For the rural sector, the latter has heralded the most significant change of policy in 50 years, including a new Agriculture Bill, the 25 year Environmental Plan, an Environment Bill, a Clean Air Strategy and Zero Carbon.

Price of food

According to the Consumer Price Index, the price of food has increased 16 per cent over the past 10 years. In addition, the ONS consumer trends show that the overall value of food consumed per person has increased by 27 per cent (more than the price of food) to around £2,500 per year (this includes catering but excludes drink).

With more than 65 million mouths to feed, increasing food prices, and an increase in the value of food consumed per person, the new policy regime must open opportunities to increase domestic production and reduce our reliance on imported food.

Positive trend for agriculture

It is somewhat surprising perhaps that the Government’s aggregate ‘state of the industry’ figures show that the overall trend over the past decade has been reasonably positive for agriculture (see graph below) – an annualised increase of 3 per cent (in current prices) buoyed, especially in the second half of the decade, by the weak pound. This made exporting easier, increased the value of CAP euro denominated subsidies and helped attract overseas tourists to diversified rural businesses.

In addition, interest base rates have been at an all-time low – entering the period at 0.5 per cent, falling to 0.25 per cent in 2016/17 and leaving the decade at 0.75 per cent. No doubt the low cost of borrowing has also helped insulate some farming businesses from the pressures of servicing debt.

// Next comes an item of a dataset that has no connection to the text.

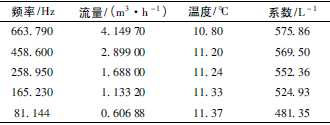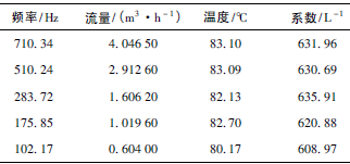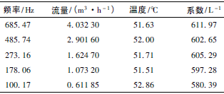 根據(jù)上述檢測(cè)設(shè)備及條件,按照J(rèn)JG1037—2008《渦輪流量計(jì)檢定規(guī)程》,在四種不同黏度下各檢定5個(gè)點(diǎn),每點(diǎn)檢定3次,得到的數(shù)據(jù)如表1~表4所示,數(shù)據(jù)表中的頻率、流量、溫度、系數(shù)均為每點(diǎn)檢定3次各自的平均值。由表1得到儀表線性度為8.9%,儀表系數(shù)為528.61L-1;由表2得到儀表線性度為6.3%,儀表系數(shù)為553.89L-1;由表3得到儀表線性度為2.6%,儀表系數(shù)為596.18L-1;由表4得到儀表線性度為2.2%,儀表系數(shù)為622.44L-1。

The past decade has also witnessed some significant changes in food and consumer trends such as:

  • Alternatives – the appetite for meat and dairy alternatives is growing as an increasing number of people look for a wider variety of meals. Oat, soy and nut milks have increased in popularity and meat alternatives are turning the fast-food industry on its head
  • Convenience – this has driven consumer innovation and meals-to-go have risen rapidly as a plethora of start-ups access the last-mile delivery space
  • Controlled Environment Agriculture – driven by technological innovation, vertical farming is becoming a viable production method for higher value crops

Farmland values

As for the average value of farmland, according to our Farmland Value Survey this peaked in 2014 following a significant price increase (average over 300 per cent) over the preceding 10 years. Average farmland values, despite weakening since 2014, ended the decade around 50 per cent higher than in 2010 having achieved a 10 year annualised growth of around 4 per cent.

The political uncertainty has ensured that the past decade concluded with a year (2019) of the lowest amount of publicly marketed farmland on record at just short of 120,000 acres across Great Britain, as recorded by our database.